Sorry it's all a bit detailed and boring but...I'm considering a house where they have a nice enough bathroom but only one for the house, and it has no decent shower, just a hand-held attachment. Impossible to fit a screen even the way the bath is fitted. Can't add a proper overhead one there due to the boiler being positioned right behind the bath (cupboard door is where a shower could go) <argh - just why?>

There is a tiny cheap shower cubicle in the loft conversion on 2d floor, but has no loo there and also it's cheap and in a slopey-ceilinged corner, not my idea of comfort!

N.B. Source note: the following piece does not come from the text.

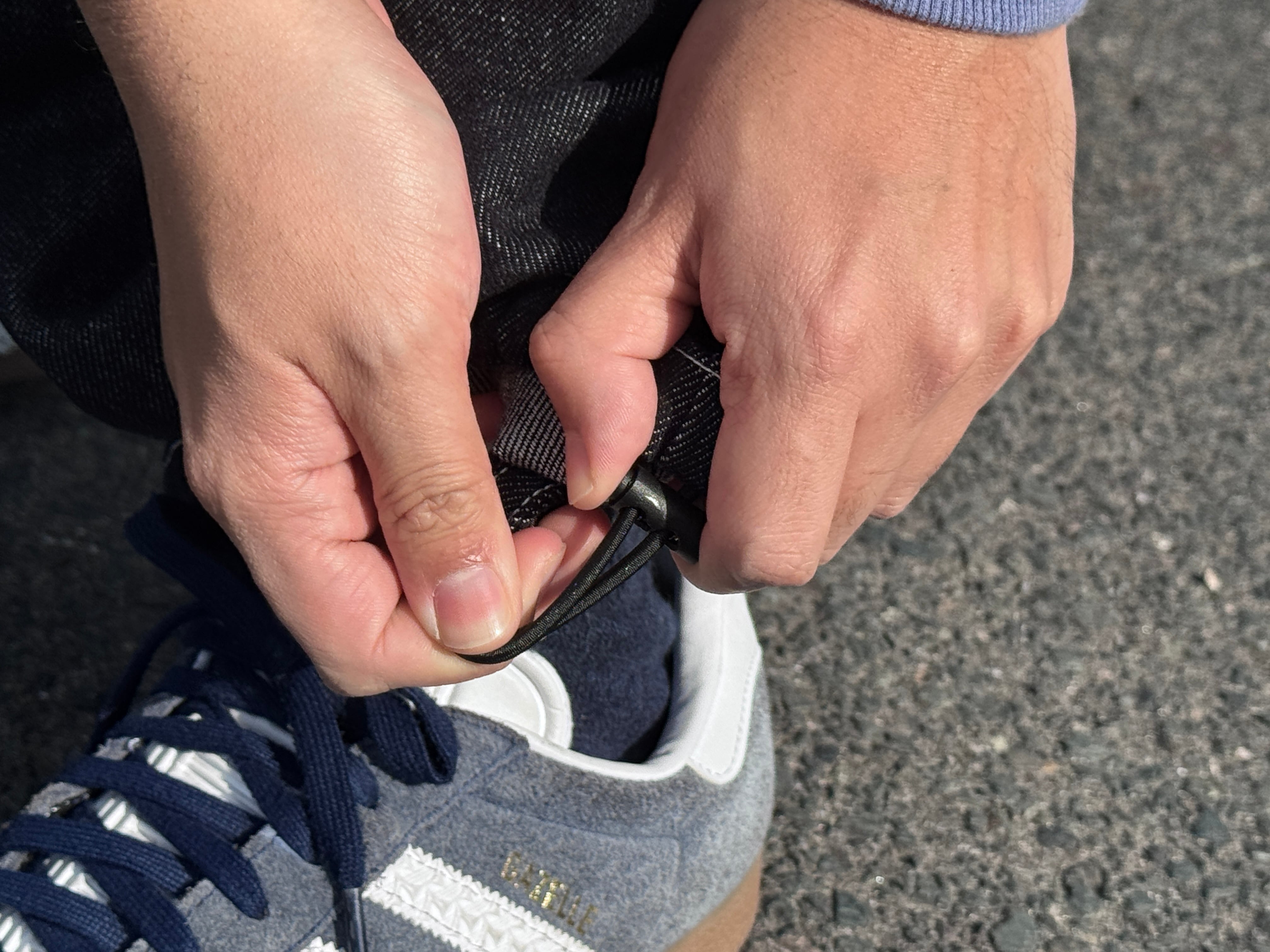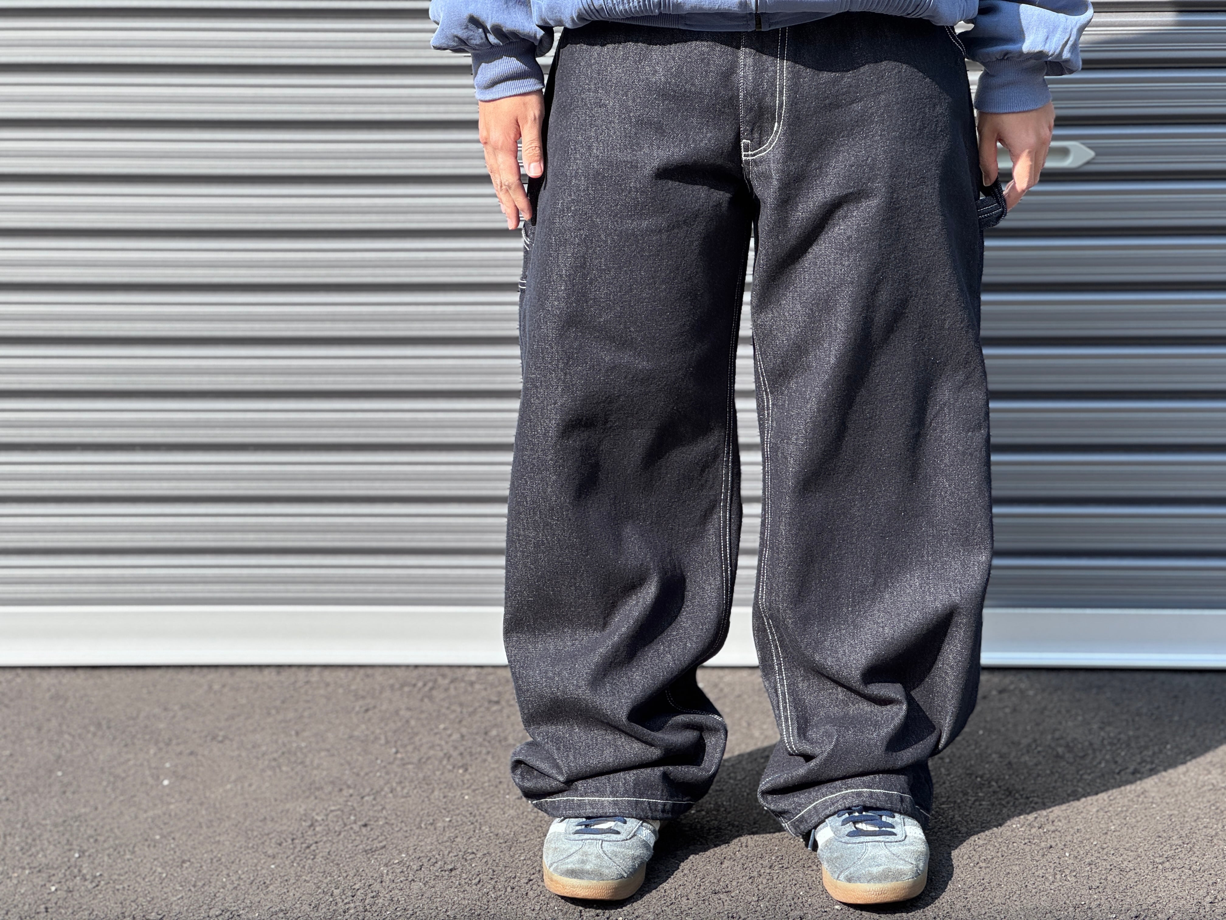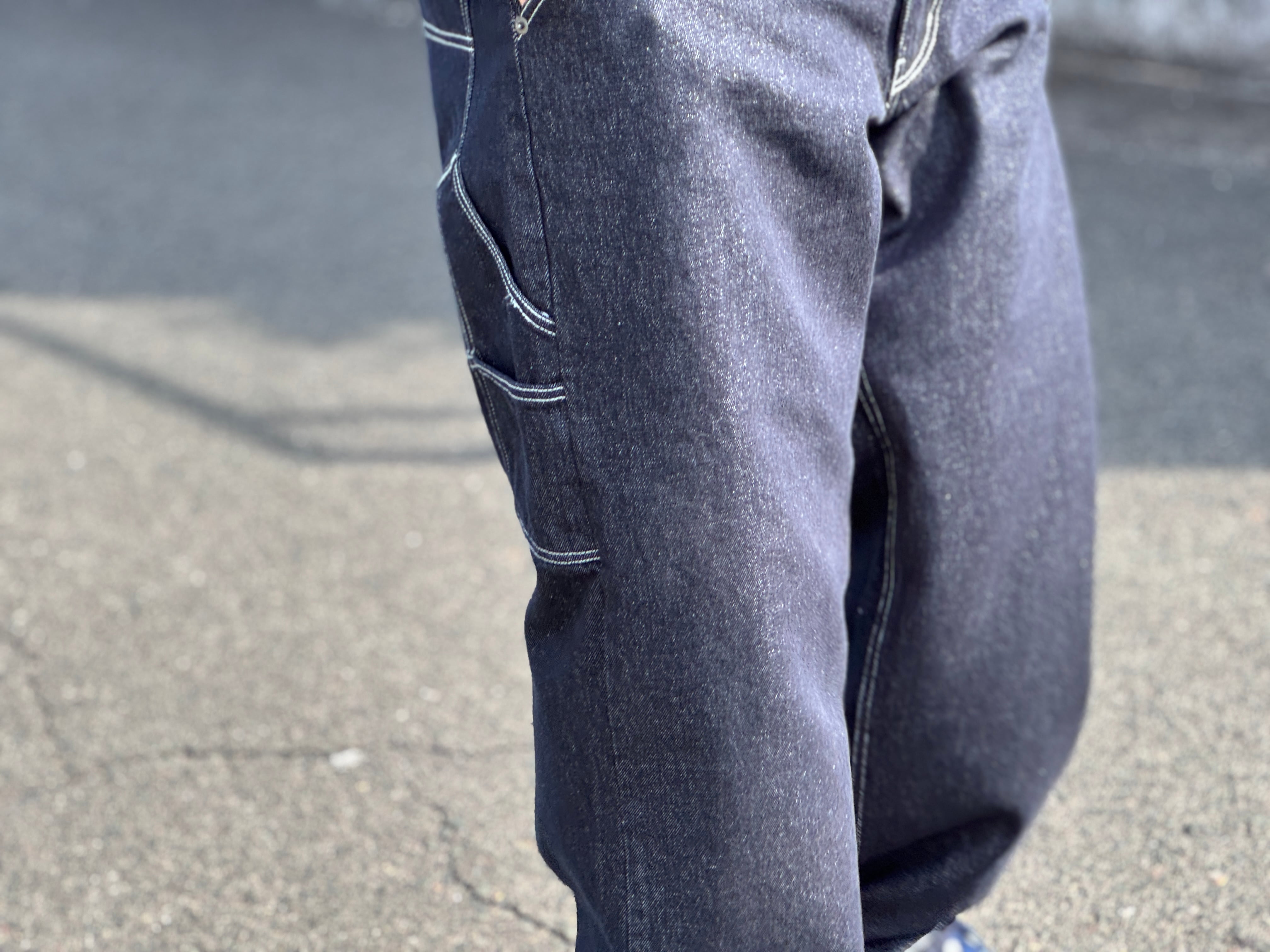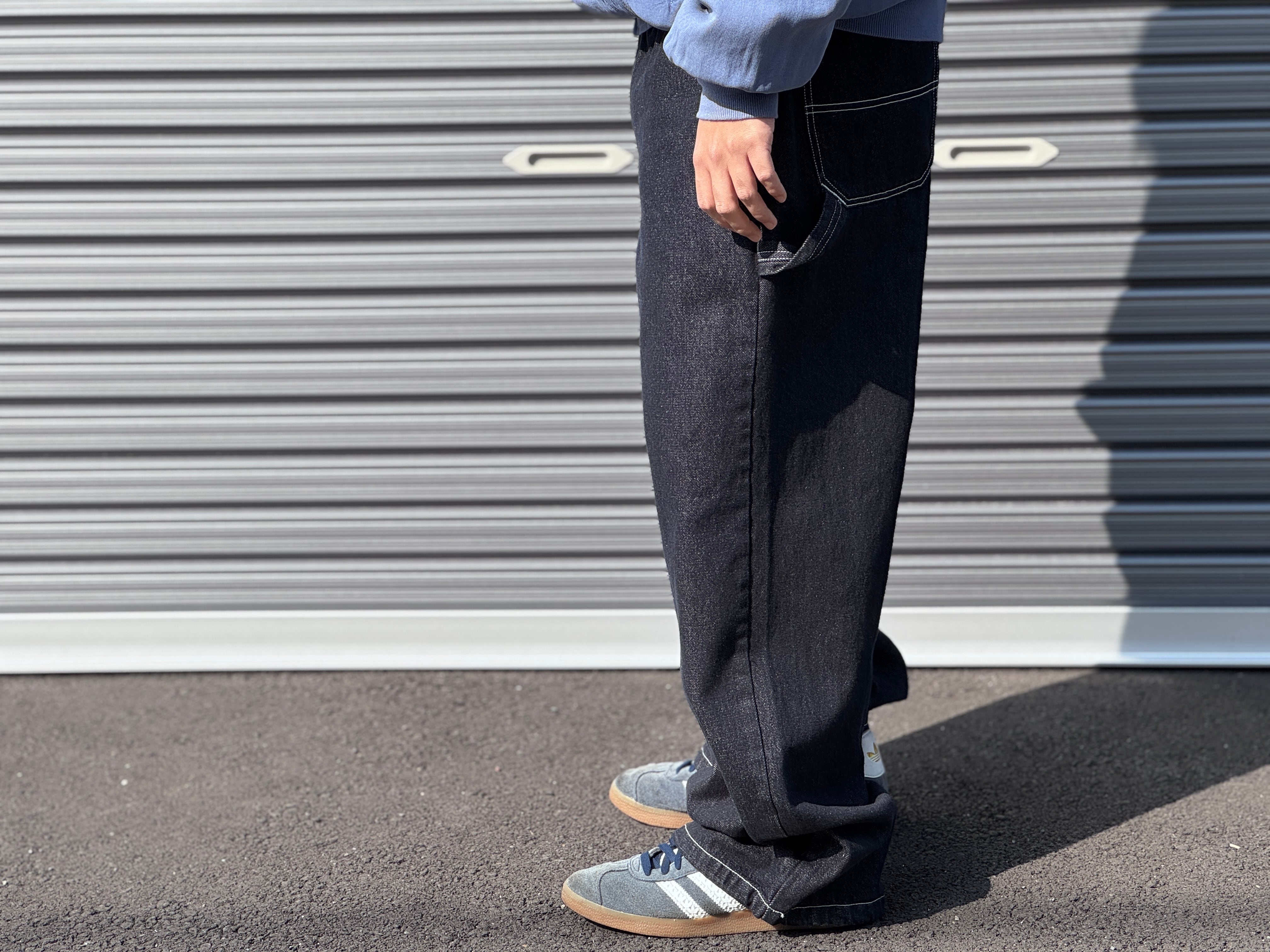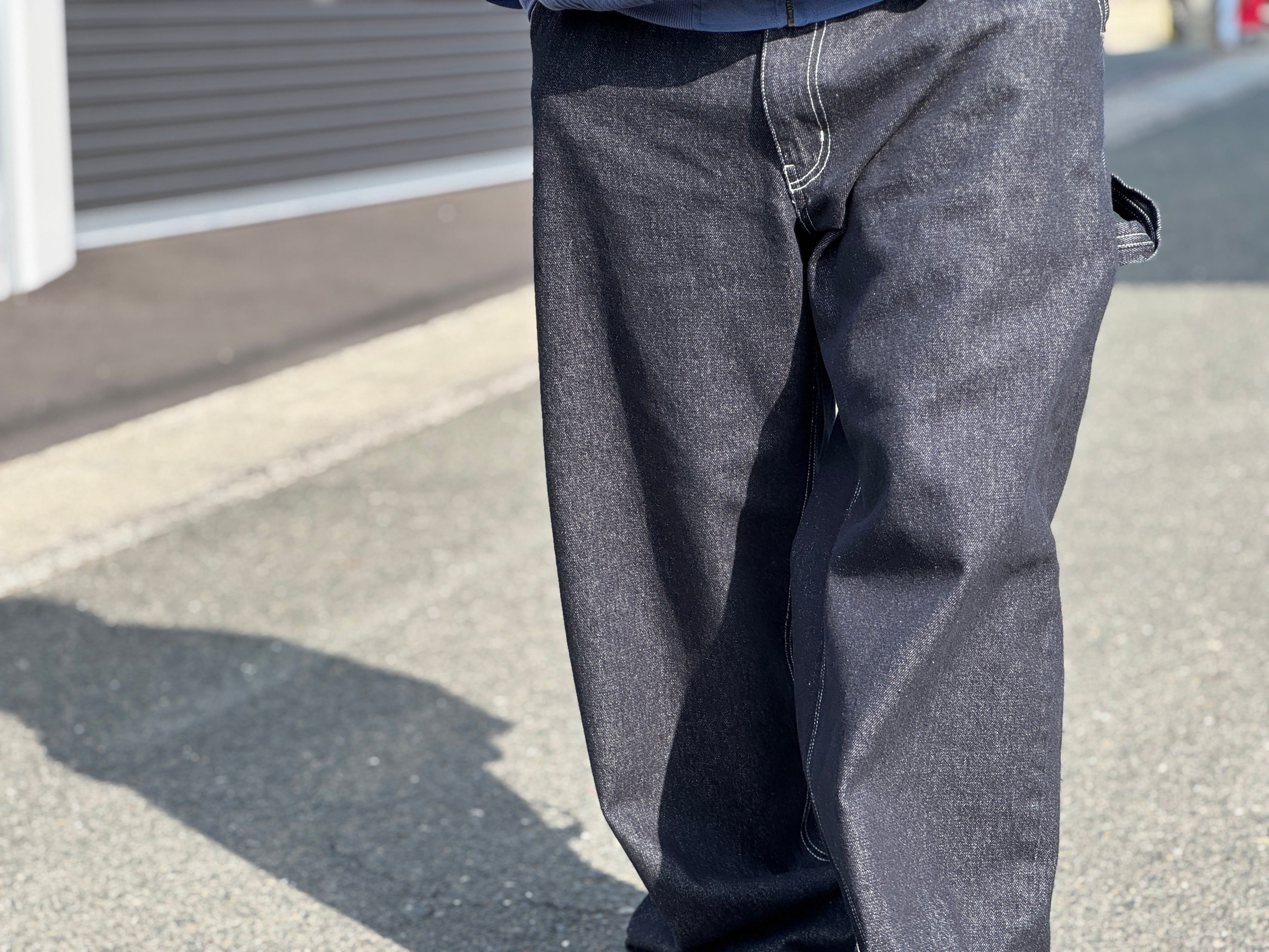 ペインターならではのデザインはそのままに、ウエストはベルトループ付きのイージーパンツ仕様、裾もコードを配してあるのでシルエットを変えることが可能。

So there are quite a few bedrooms. One would be ideal as shower room as it's a box room with window, but it's not near the boiler and other plumbing, and it's at the front. I think it's too expensive if not impossible to extend the plumbing to there(?)

There is a 'study' - a walk-through room next to that tiny shower room in the loft. a good idea to extend into there, without knocking walls as there is a door from it to existing shower room? How good the pressure would be in the loft? I get an impression they don't use the existing shower much. The boiler is working well but is an older model and not combi - plus it's on the floor below.

There is also a bedroom next to the bathroom on first floor (where the boiler is), windows to the side of building so no loss of any nice views - could make a large very nice shower room, but I'm slightly sorry to lose a reasonable size bedroom (small double).

I'd like a good shower enclosure, elongated slightly, with good pressure. Plus obv a basin and loo.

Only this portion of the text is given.